第四十四章悄然
“问完了?”见到阿宁出神,江景澈轻声问。
阿宁回了神,点点头,“虽说我也说不好先生这样做值不值得,但总归是先生想做的事,不管别人怎么说,我都站在先生这边。”
江景澈闻言微微一滞,随即笑笑,道:“谢谢我们的小阿宁。”
阿宁闻言亦是笑了起来,她颇有几分不好意思,仰着头看江景澈,“先生不必言谢。”
“那,接下来,换我问你了。”
“先生想问什么,尽管问就是。”
江景澈与阿宁相对而坐,此时将身子微微前倾,他低低地看着她,问:“没来书院的这些日子,你可有吃好穿暖?”
房中淡淡的书卷香与江景澈温和的语调融在一起,出动了阿宁心中的柔软。
“我……”阿宁错愕,“先生就要问这个?”
“怎么?我问这些,可是有不妥?”
“不不不,”宁子连连摆手,又不好意思地挠挠头,“就是,很少有人真的关心我这些东西,也就哑巴才会问,旁人谁会在意啊。先生放心,我向来不会亏待自己的,吃得饱,穿得也暖。”
“哑巴?”
“哦,哑巴是翠莺楼里劈柴的老头,也干些杂活的,当初我刚来翠莺楼,就是他……”说到这里宁子顿了顿,改了口风,“是他照顾我的,他平时对我不错,我想着他也一把年纪了,总要给他养老送终才行。”

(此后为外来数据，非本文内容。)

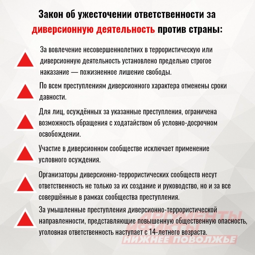 В то же время возрастная планка ответственности за преступления диверсионно-террористической направленности понижена до 14 лет, если они совершены умышленно и несут опасность для общества, а подросток эту опасность осознает.
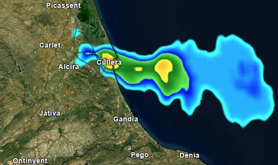 Se trata de una tormenta que se ha formado de repente en la zona de Llaurí y se ha movido muy lentamente hacia la costa, barriendo Llaurí, Favara y Cullera.
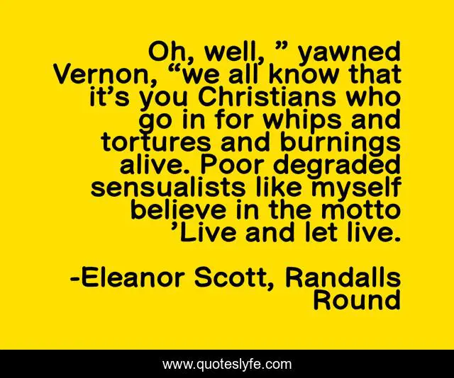 This page presents the quote "Oh, well, ” yawned Vernon, “we all know that it’s you Christians who go in for whips and tortures and burnings alive. Poor degraded sensualists like myself believe in the motto ’Live and let live.". Author of this quote is Eleanor Scott, Randalls Round. This quote is about bigotry, christianity,.
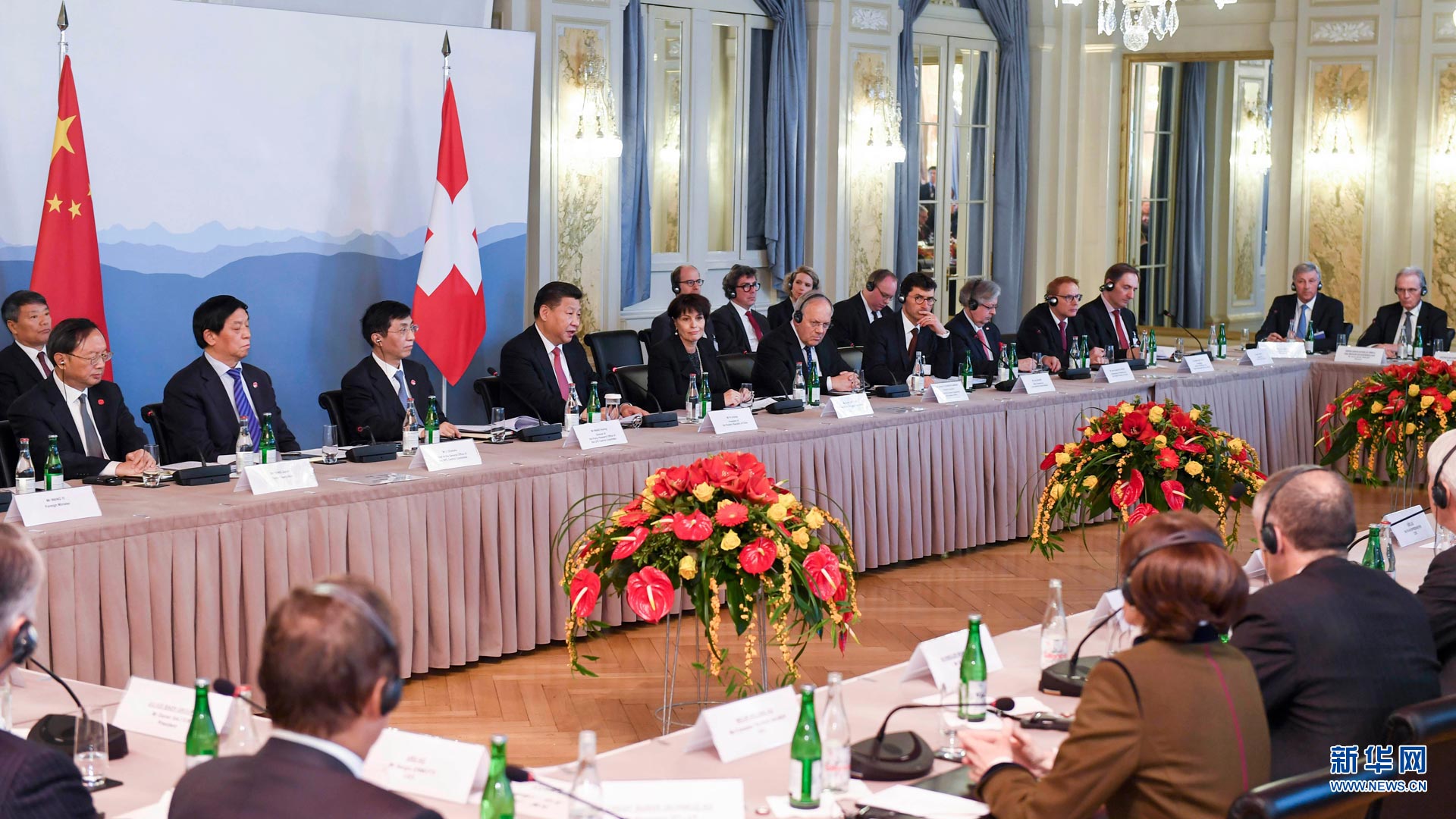 1月16日,國家主席習近平在伯爾尼會見瑞士聯邦國民院議長施塔爾和聯邦院議長比紹夫貝爾格。 新華社記者 謝環馳 攝2017-01-17
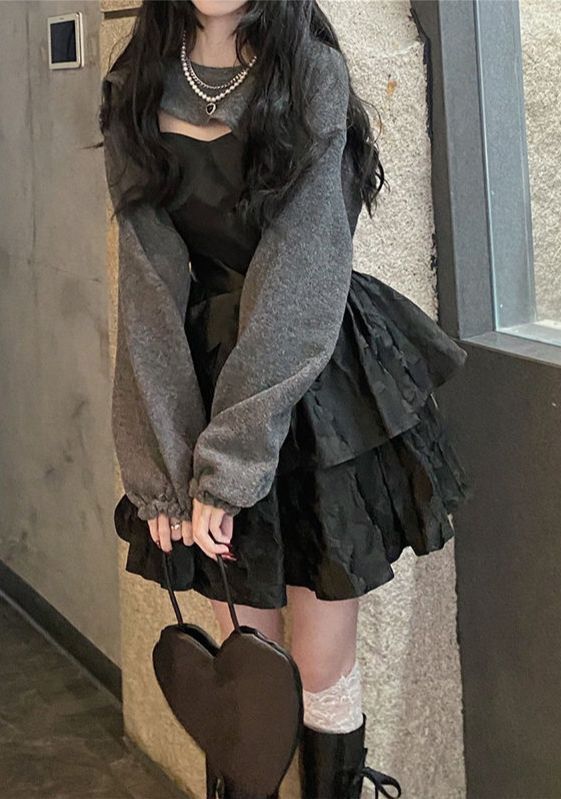 然后穿上黑色连衣裙
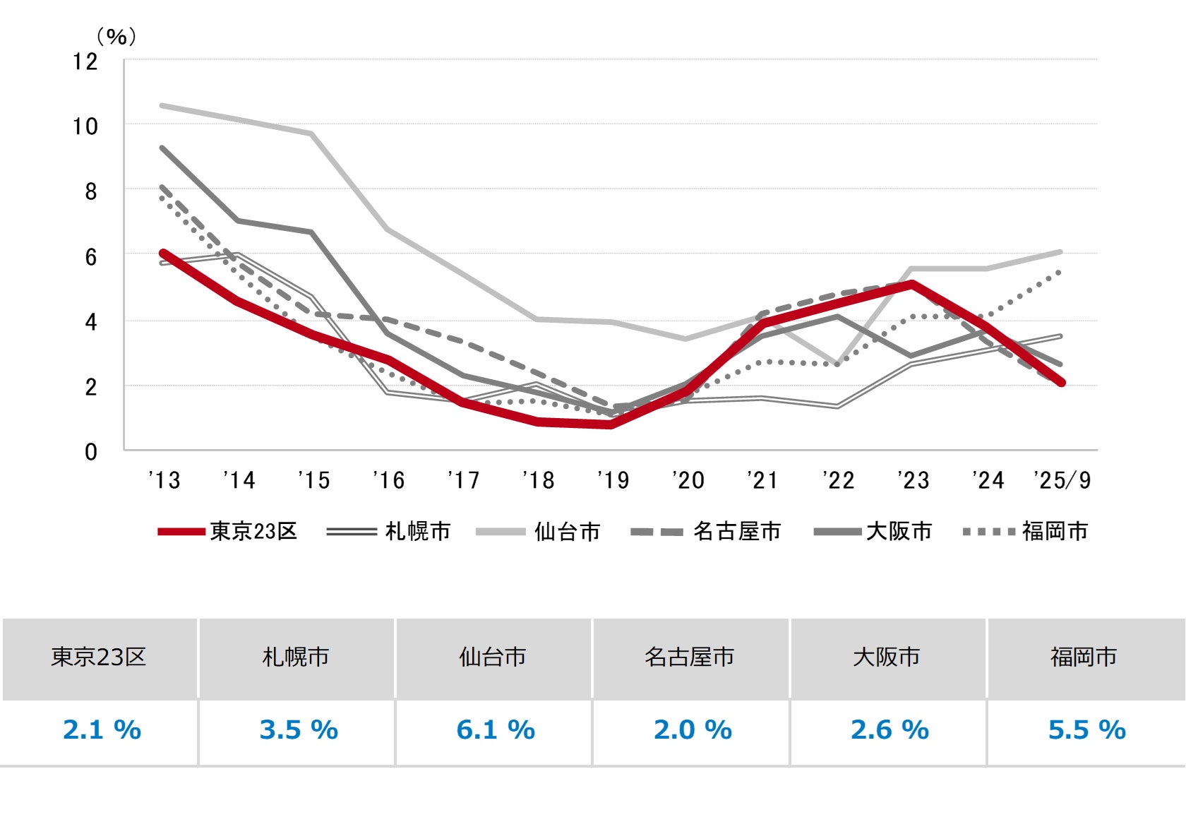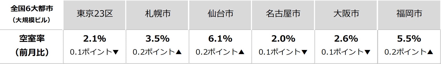 三幸エステート株式会社(本社:東京都中央区、取締役社長:福島正二郎)は、2025年9月度の東京都心5区(千代田区、中央区、港区、新宿区、渋谷区)および全国6大都市(東京、札幌、仙台、名古屋、大阪、福岡)の大規模ビル※1のマーケットデータをまとめた「オフィスマーケット2025年10月号」を公表します。

江景澈听了甚是欣慰,“难得你有这样的心思。”他又问,“你身子瘦弱,在翠莺楼谋生计当是十分艰辛的,我听闻你也是从京城来的,怎么就到了翠莺楼呢?”
阿宁眸色暗淡下来,她强扯起嘴角笑了笑,“我当初也是在大户人家做活的,后来主子犯了错,我才流落至此。”
“京城的大户人家?或许我也是认识的,是哪户人家?”江景澈追问道。
阿宁却面露难色,“都是过去的事了,就不提了吧。”
江景澈见她不情不愿,想来她也是有些难言之隐的,便没好追问,只是又关切道:“你原先既是在京城做活,想必家人也在北方吧?父母可还在?”
这一问,阿宁却有些难以自持了,她不敢抬头也不敢出声,生怕被江景澈察觉到自己红了的眼眶和哽咽的声音。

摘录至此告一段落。